When developing pyrotechnic modification means, the problem of introduction of additional iodine and ensuring the availability of a hygroscopic component can be solved, for example, by the introduction of organic iodine-containing components and the substances with high hygroscopicity not containing iodine and not leading during combustion to the formation of soluble iodine complexes. In the case of liquid-fuelled generators, when the solution of AgJ is injected into the fuel, the use of soluble iodides as an iodizing admixture is a necessary condition. In the opposite case, the solution to be used cannot be obtained. Only NH4J can be the most promising iodide complex, that at combustion can be oxidized up to the formation of elementary iodine. But at its use one should take into account the following::

  • Under a certain regime of combustion controlled by the ratio of an oxidizer and a deoxidizing agent, flame temperature, etc., complete combustion of the NH4 group and the transition of excessive iodine into the non-ionic form can be possible;
  • The deviations from the preset regime will result in the penetration of iodine in ionic form into an aerosol particle and a rapid drop of aerosol ice-forming activity.

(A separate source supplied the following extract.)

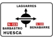 S-222a. Preseñalización, con cartel lateral, en carretera convencional o carretera multicarril hacia autopista o autovía y dirección propia. Indica, en una carretera convencional o una carretera multicarril, la dirección propia de la carretera por la que se circula y los destinos de las salidas del próximo nudo cuando estas dirigen hacia una autopista o una autovía, así como la distancia a la que se encuentran dichas salidas.

  • In this case, the situation will be additionally more aggravated by the presence of ammonium ions also leading to the formation of silver complexes in the hygroscopic part as compared to cations of alkali metals being neutral in this connection..


  1. Shilin A.G., Drofa A.S., Ivanov V.N., Savchenko A.V., Shilin V.A. Experimental Studies of Silver Iodide Pyrotechnic Aerosol Ice Forming Efficiency Dynamics. 19th International Conference Nucleation and Atmospheric Aerosols. AIP Conf. Proceeding, New York, 2013, V 1527, p. 945-949.
  2. Cruise D. R., Theoretical Computations of Equilibrium Composition. Thermodynamic Properties, and Performance Characteristics of Propellant Systems. NWC TP 6037, Naval Weapons Center, China Lake, CA 93555-6001, 1991.
  3. Isono K., Ishizaka Y. On ice nucleating properties of different faces of silver iodide crystals.// J.Recher.Atmos., 1986, v.3, N 1-2, p.139-140.
  4. Laaksonen A., A Combined Theory of Heterogeneous Nucleation and Adsorption of Vapors on Solid Surfaces. 19th International Conference Nucleation and Atmospheric Aerosols. AIP Conf. Proceeding, New York, 2013, V 1527, p. 270-273.